How does one show that thickness and wavelength determine the full transmission between two different dielectric media if the boundary condition equations between two dielectric media are independent of these quantities?

For example I have a plane wave normally incident on a medium with two layers. The first layer has an index of refraction $n_1$ and is of thickness $d$. The second layer has an index of refraction $n_2$ and is of infinite thickness.

Jackson provides the following boundary condition equations, see page 306

\begin{align} \dfrac{E_0(\text{reflected})}{E_0(\text{incident})} = \dfrac{2n_1}{n_2+n_1} && \dfrac{E_0(\text{transmitted})}{E_0(\text{incident})} = \pm \dfrac{n_2-n_1}{n_2+n_1} \end{align} for normal incidence, which are independent of the wavelength and thickness. What is missing from this analysis? Thanks.

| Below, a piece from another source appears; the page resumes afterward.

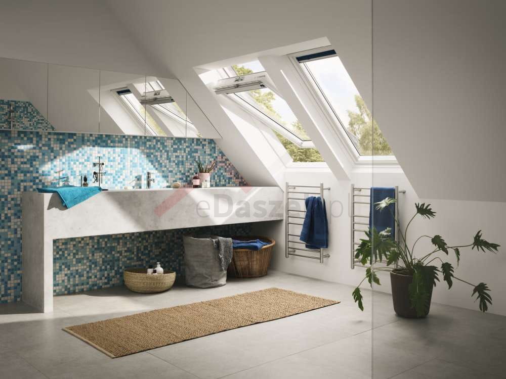 Okno 3 szybowe drewniano-poliuretanowe otwierane w połowie osi obrotu Velux GLU 0061

• what you mean by full transmission? There is no reflection at the interface between the two media? – Sofia Jan 14 '15 at 21:01
• Now, the two media are absorption free? The full wave-intensity is transmitted? It's a little hard to believe. The thicker a medium is, the more it absorbs. – Sofia Jan 14 '15 at 21:03
• The thickness shouldn't indeed play any role in boundary conditions. – Sofia Jan 14 '15 at 21:04
• I assumed "no observed reflection" meant full transmission, however if the media has attenuation, then full transmission would not be guaranteed. – linuxfreebird Jan 14 '15 at 21:06
• Are you talking about a thin film where you need to consider interference effects - which is how you can get full transmission? – ProfRob Jan 14 '15 at 21:07

If you look at anti-reflection coatings you will find a criterion for destructive interference that is $$2 d n_1 \cos \theta = (m-1/2)\lambda,$$ where $d$ is the thickness of the film, $\theta$ is the angle of transmission at the first interface (between air/vacuum and medium of index $n_1$, $\lambda$ is the vacuum wavelength and $m$ is an integer.
For normal incidence $\theta_2=0$ and the thinnest possible layer for full transmission would be given by $m=1$ and $d = \lambda/4n_1$.